Obviously, an anarchist has no respect for property and refuses to be an exploiter or exploited; he is called to live on the margin of laws. The history of anarchy has produced many illustrious examples. Ravochol, Pini, Clement Duval, Ortiz, Emile Henry, Alexander Jacob, all were robbers or rather expropriators because they worked for the Idea, for propaganda. But one knows how they ended up. At that time, stealing, counterfeiting, swindling and even pimping were justified in certain anarchist milieus as a means of liberating oneself economically. Such a theory was a puerile and dangerous utopia. As I have written in CONFESSIONS: "Illegalism did not free the individual. It led to trials"

But Armand held to his theories. He only changed in 1912 when he wrote: "The end of Garnier and Vallet causes me to reflect.." It was a little late.

A little while previously, he had written in a famous article which I mentioned before in which he had denied the value of Science: " I know well that Science has taken God and hurled him over the precipice so that he doesn't exist any longer. The defeated has given up his place to his triumphant rival. Thus, it is one phantom who has taken the place of another phantom." Armand only acknowledged the value of practical science, "a science which teaches anti-conceptional means, and a concern with the crowbar and blow torch"

But Armand didn't have the physical courage nor the audacity to handle a crowbar. Counterfeiting, that was another thing. It was an easy temptation.

I don't know if Armand made counterfeit money. It is fair to say about him that Armand never sought a material gain in making propaganda; he always lived very poorly. As did all of us. I lived in he vicinity of "L'Anarchie" in a flat without electricity and which didn't have a sink where I could wash my hands. And when I produced the journal, printed it, edited it and had meetings every night, I worked seventeen hours per day. In concrete tasks I was helped only by Guerin, the manager and his mistress. Each morning I gave a cook four francs with which to nourish myself all day. Life was cheerful in 1914 but all the same, those were lean days! Nevertheless, we didn't feel poor. We worked for our ideas, with enthusiasm and the joy of the battle.

When I needed a pair of shoes, an overcoat or a robe, I would take a quick nap and then do some outside paid work. But it was exhausting.

On one occasion, a comrade proposed a crazy theft of some pieces of chocolate.

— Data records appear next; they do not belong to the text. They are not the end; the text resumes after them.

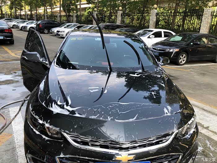 洗车过程就不用怎么说了,那个桶倒点洗车水蜡,打出泡沫,拿水枪冲洗车身,然后拿洗车海绵由车顶往下洗车,最后再洗车轮。为什么由上往下,因为这个可以防止由下往上有石子落下擦伤车漆!
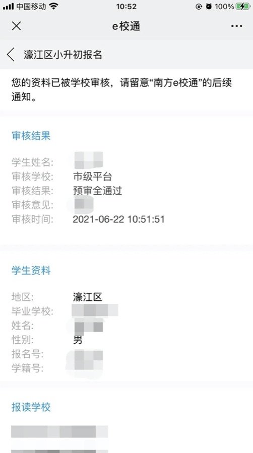 1. 学校审核后,审核结果将通过“南方e校通”推送给您,收到通知后,点击“查看详情”,如图所示:
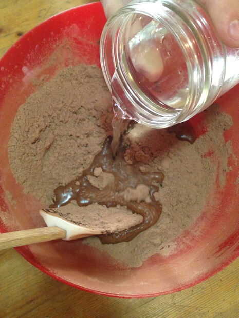 Agregar el agua y revolver hasta que la mezcla esté suave.
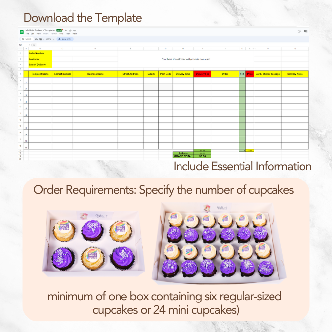 Are you looking to send delightful cupcakes, mini cupcakes or cakes to 5 or more locations? Let Black Velvet Cakes take the stress out of the process for you. We offer bulk order and multiple delivery quotes to ensure a smooth and cost-effective experience, and our reliable delivery service ensures your cake arrives fresh and on time within a convenient two-hour, four-hour and all-day windows. We offer attractive incentives for volume orders, no matter if the campaign is to be executed in a day or throughout the entire year.
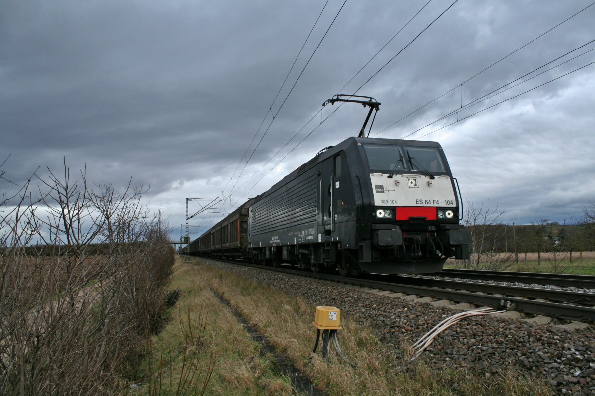 ES 64 F4-104 mit einem Papierzug nach Italien am Nachmittag des 03.01.14 bei Hügelheim.
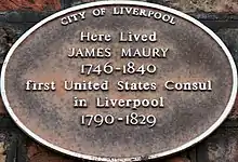 James Maury (3 Feb 1746 – 23 Feb 1840) was one of the first United States diplomats and one of the first American consuls appointed overseas. In 1790 he was appointed to the Consulate of the United States in Liverpool,[1] one of the first overseas consulates founded by the then fledgling United States of America. Maury held the position of consul for 39 years until he was removed from office by President Andrew Jackson in 1829.[2]
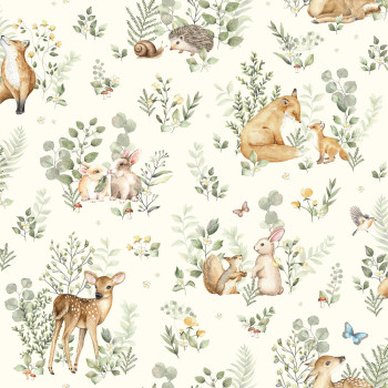 Tmavě zelená vliesová tapeta na zeď, lesní zvířátka.
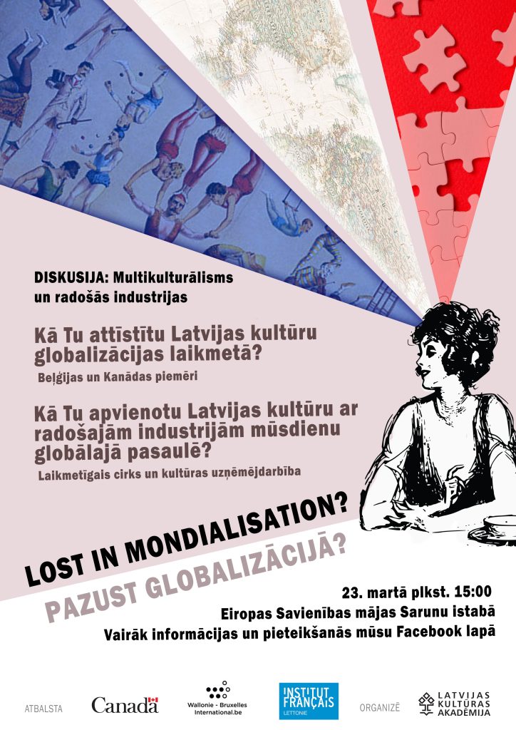 23. martā no plkst. 15:00 līdz 17.00 Eiropas Savienības mājas Sarunu istabā (Aspazijas bulvārī 28) Latvijas Kultūras akadēmija (LKA) aicina uz diskusiju jauniešiem „Pazust globalizācijā? / Lost in mondialisation?”. Diskusija tiks veltīta nacionālās kultūras, tai skaitā radošo industriju, vietai globalizācijas apstākļos. Iecerēts, ka pēc diskusijas tiks radīti priekšlikumi nacionālās identitātes attīstīšanai globalizācijas laikmetā.

I always resisted the temptation - and for good reason. At one painful moment when we didn't know how we were going to pay our printer, a certain Pierre Jacob (no connection with Alexander Jacob, the heroic author of "Why I Have Stolen") proposed to draw us into an affair which he had previously laid out in an article in 1911, where he stated " I will practice illegalism, hurling my spear at all who get in my way, even the poor, what only interests me are my own concerns." It is with such writings that prisons are filled. I refused. Then he sent his woman to me. She was a beautiful girl, the flesh is weak, she flirted with me.Then after her amorous displays, she presented me with a shiny louis of 20 francs. "I have more if you want them." I refused.

Several months later Pierre-Napoleon Jacob and his woman, Antoinette Lepoix, appeared before the court charged for producing and distributing counterfeit money. In their defense, they declared that they were working in the service of the police and they were receiving 150 francs per month as compensation. They stated they had only made counterfeit money to be better seen in anarchist circles.

M. Court, the head of the "anarchist brigade" acknowledged that Jacob was an informer but declared that he was unaware of Jacob's counterfeiting.

The two were sentenced to a light prison term; between themselves, the wolves didn't eat. But I escaped beautifully.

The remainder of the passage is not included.